Recommended by Patrick Hayden

Mark M. Wilde’s Quantum Information Theory is a natural expositor’s labor of love. Accessible to anyone comfortable with linear algebra and elementary probability theory, Wilde’s book brings the reader to the forefront of research in the quantum generalization of Shannon’s information theory. What had been a gaping hole in the literature has been replaced by an airy edifice, scalable with the application of reasonable effort and complete with fine vistas of the landscape below. Wilde’s book has a permanent place not just on my bookshelf but on my desk. (from Amazon)

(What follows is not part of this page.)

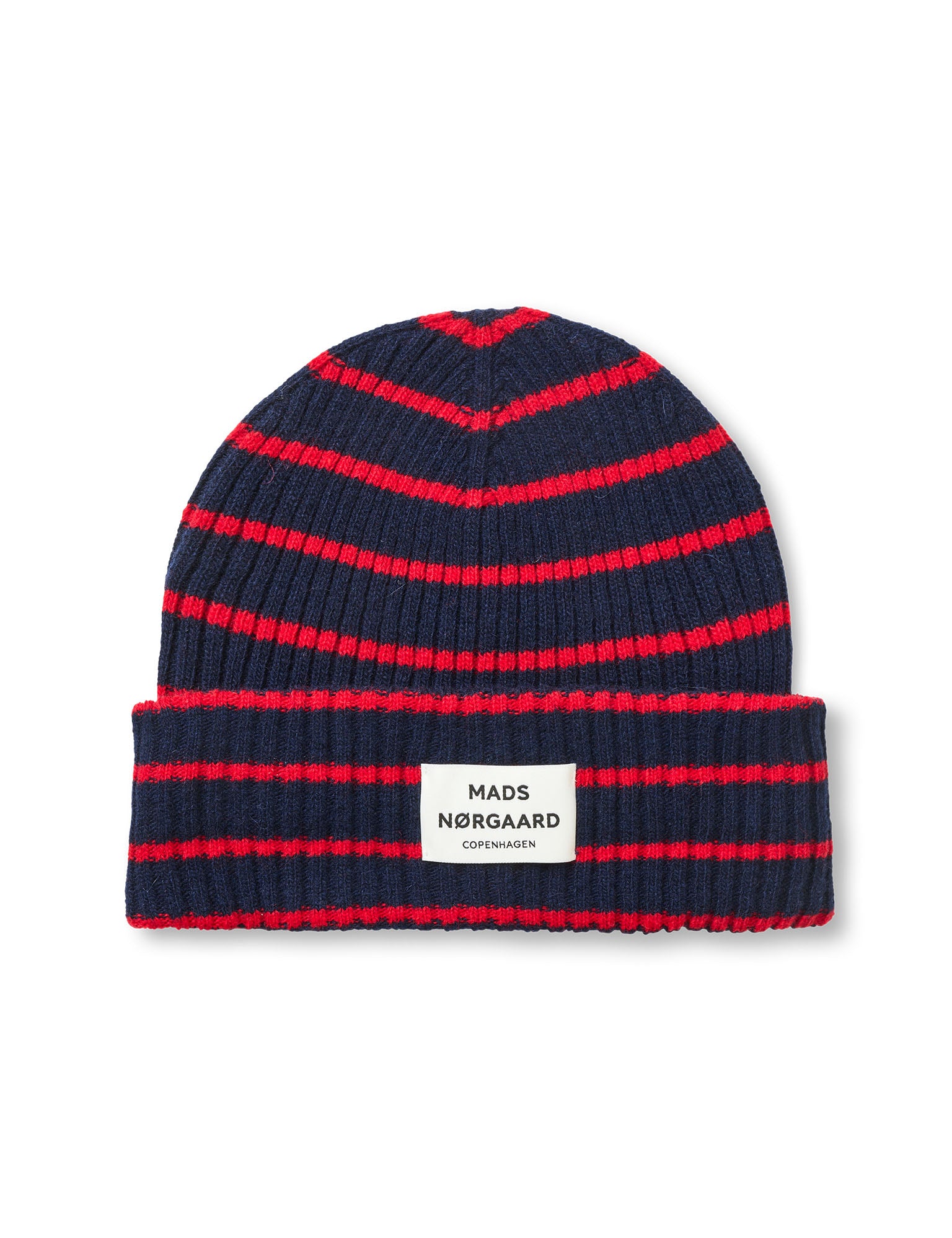 Soft, rib-knit beanie with wide double brim, thin stripes and sewn-on logo label.
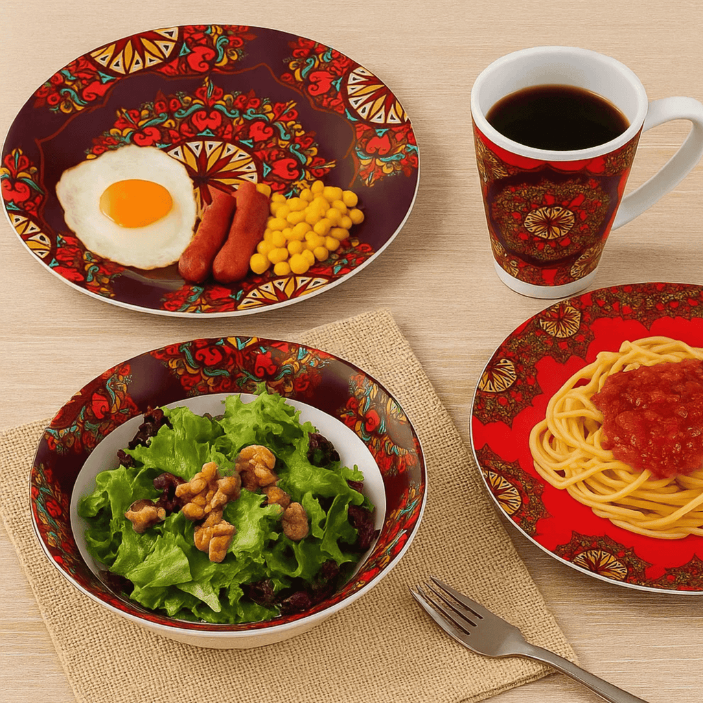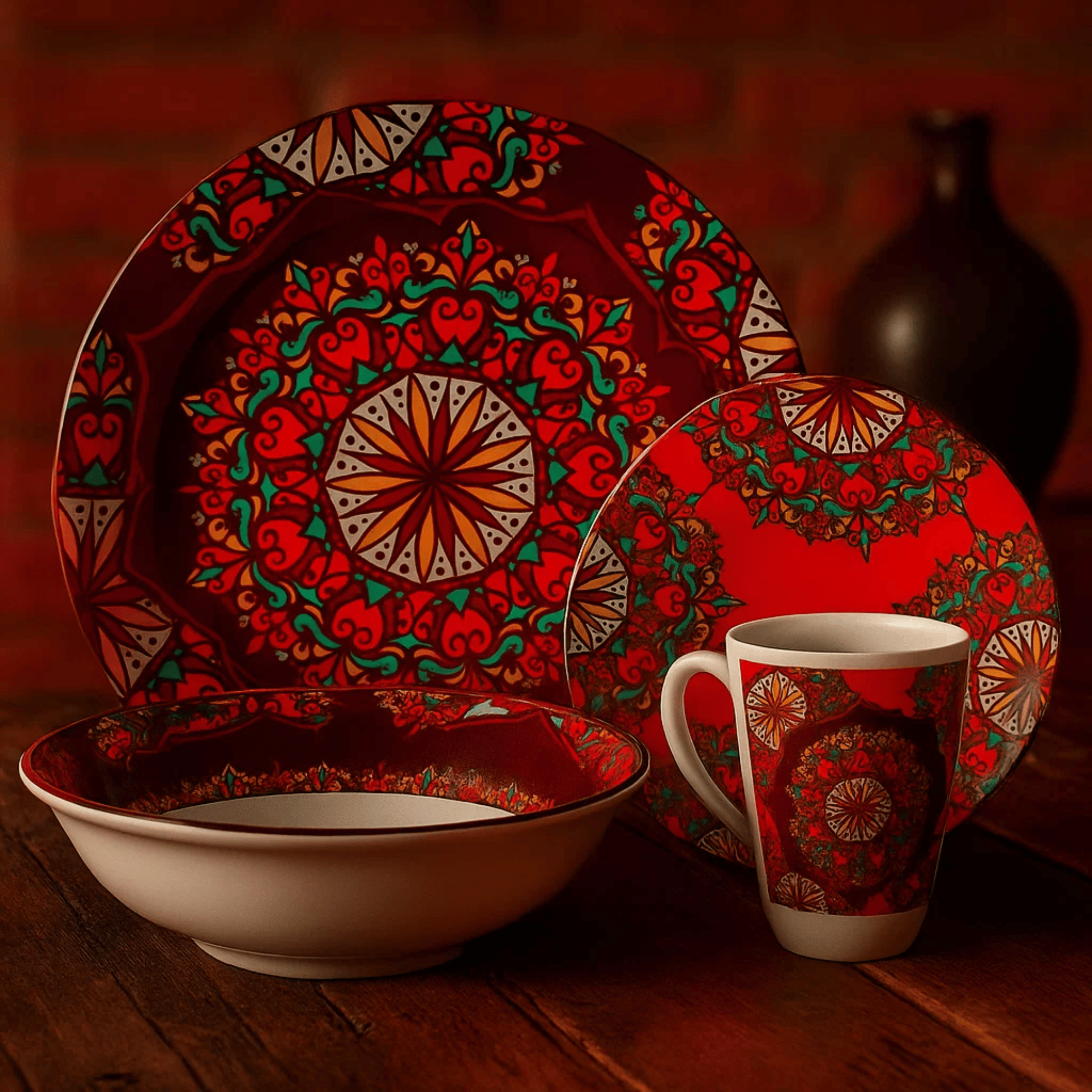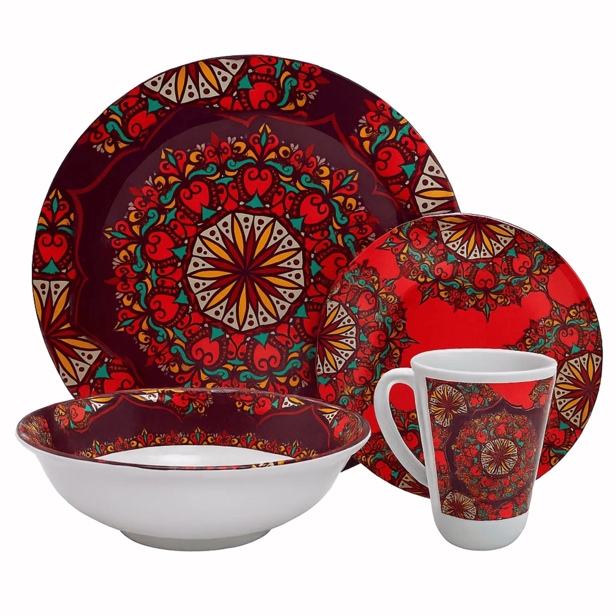 VAJILLA EN MELAMINA CLASICA ARMONIA ROJA 16 PIEZAS

Developing many of the major, exciting, pre- and post-millennium developments from the ground up, this book is an ideal entry point for graduate students into quantum information theory. Significant attention is given to quantum mechanics for quantum information theory, and careful studies of the important protocols of teleportation, superdense coding, and entanglement distribution are presented. In this new edition, readers can expect to find over 100 pages of new material, including detailed discussions of Bell's theorem, the CHSH game, Tsirelson's theorem, the axiomatic approach to quantum channels, the definition of the diamond norm and its interpretation, and a proof of the Choi–Kraus theorem. Discussion of the importance of the quantum dynamic capacity formula has been completely revised, and many new exercises and references have been added. This new edition will be welcomed by the upcoming generation of quantum information theorists and the already established community of classical information theorists.